* **Records for this task**:
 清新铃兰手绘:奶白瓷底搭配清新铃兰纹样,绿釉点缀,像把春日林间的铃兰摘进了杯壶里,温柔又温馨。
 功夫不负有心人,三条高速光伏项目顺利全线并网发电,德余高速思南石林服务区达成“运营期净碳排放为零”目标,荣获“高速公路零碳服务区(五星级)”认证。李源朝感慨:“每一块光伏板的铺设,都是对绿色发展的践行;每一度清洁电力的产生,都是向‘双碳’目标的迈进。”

* * *

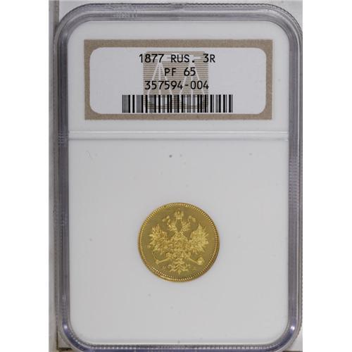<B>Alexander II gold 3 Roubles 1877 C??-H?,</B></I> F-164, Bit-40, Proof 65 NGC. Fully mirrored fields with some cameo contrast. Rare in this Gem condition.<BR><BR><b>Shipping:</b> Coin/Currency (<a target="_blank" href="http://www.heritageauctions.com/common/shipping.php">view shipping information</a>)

* **Task details**:
The range runs from the line above containing "清新铃兰手绘:奶白瓷底搭配清" to the line containing "功夫不负有心人,三条高速光伏", inclusive. Restate those lines word for word and no others.

* **Answer to the problem**:
 清新铃兰手绘:奶白瓷底搭配清新铃兰纹样,绿釉点缀,像把春日林间的铃兰摘进了杯壶里,温柔又温馨。
 功夫不负有心人,三条高速光伏项目顺利全线并网发电,德余高速思南石林服务区达成“运营期净碳排放为零”目标,荣获“高速公路零碳服务区(五星级)”认证。李源朝感慨:“每一块光伏板的铺设,都是对绿色发展的践行;每一度清洁电力的产生,都是向‘双碳’目标的迈进。”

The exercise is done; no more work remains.